Carlos Alexandre de Souza

Loin de moi l’idée qu’il y ait des professions plus importantes que d’autres. Je ne dis pas non plus que le Canada est incapable d’établir des critères pour assurer de l’emploi à ses citoyens et aux travailleurs jugés les plus compétents.

Je remarque simplement que ceux qui veulent poursuivre leur carrière doivent maintenir leur expérience professionnelle – autrement dit, travailler. Mais l’expérience canadienne peut signifier une reconfiguration profonde de ses habiletés individuelles et une épreuve considérable quant à sa capacité d’adaptation.

Épilogue

Quand je suis arrivé, en 2016, j’avais de l’espoir plein les mains. Deux ans et demi plus tard, il me reste encore de l’espoir... mais j’avoue que l’expérience canadienne laisse parfois un goût amer qui contraste avec la gentillesse des gens d’ici.

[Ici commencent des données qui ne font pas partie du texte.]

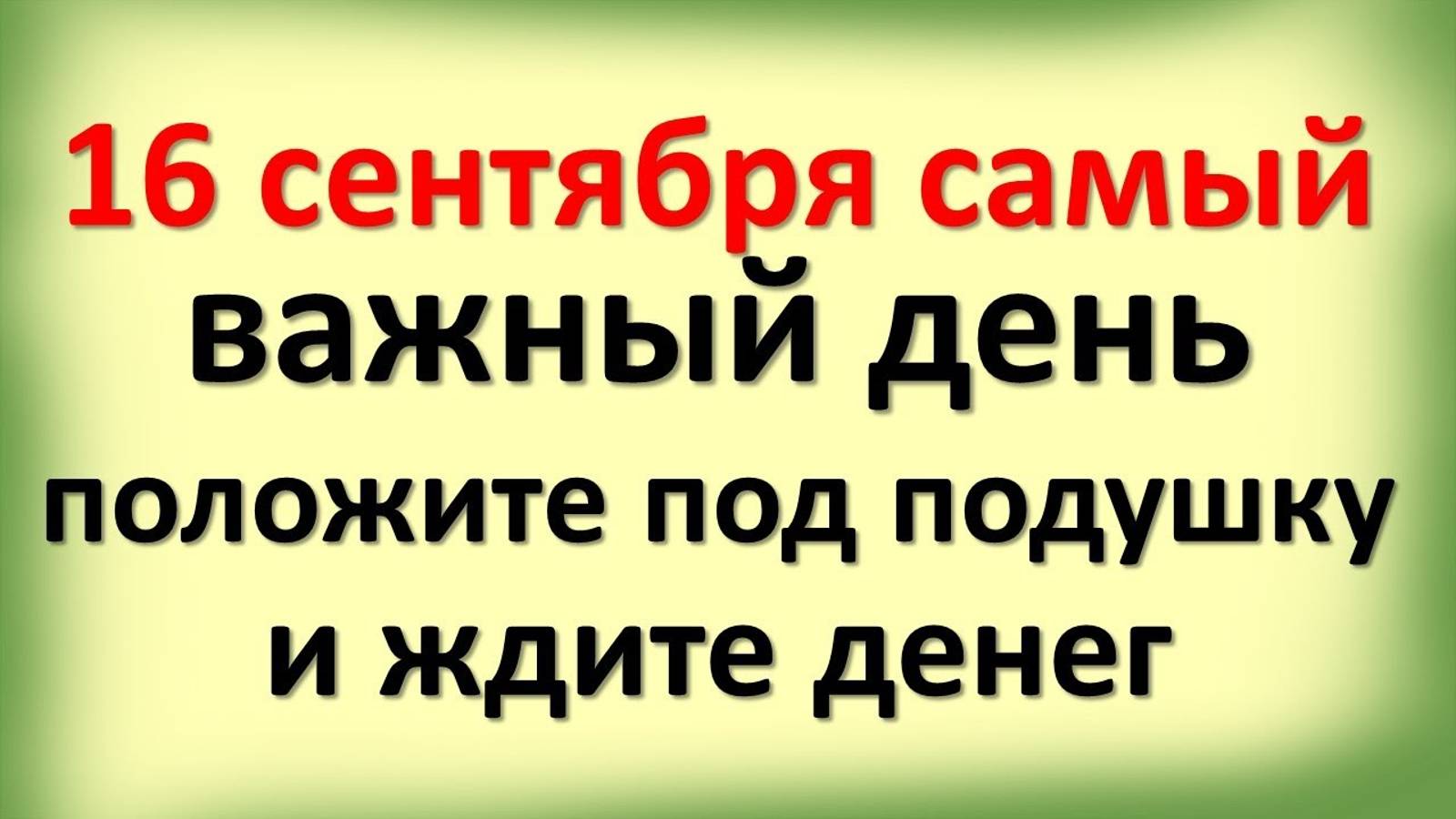 Сегодня 16 сентября самый важный день, положите под подушку и ждите крупной суммы денег

Selon mon expérience professionnelle, immigrer au Canada signifie être prêt à renoncer à tout ce qu’on a appris dans sa carrière et à entamer un métier qui n’a souvent rien à voir avec ses compétences antécédentes. C’est un exercice quotidien d’apprentissage et de renouvellement, mais aussi de désolation et de tiraillement.

Chaque fois que je raconte mon histoire et que j’entends celles d’autres personnes dans une situation semblable, je me pose une question simple, directe et tranchée : « Jusqu’à quand vas-tu rester ici? »

Carlos et sa famille sont attablés dans un restaurant.

Carlos Alexandre Souza, sa femme, Karine, et leurs deux enfants.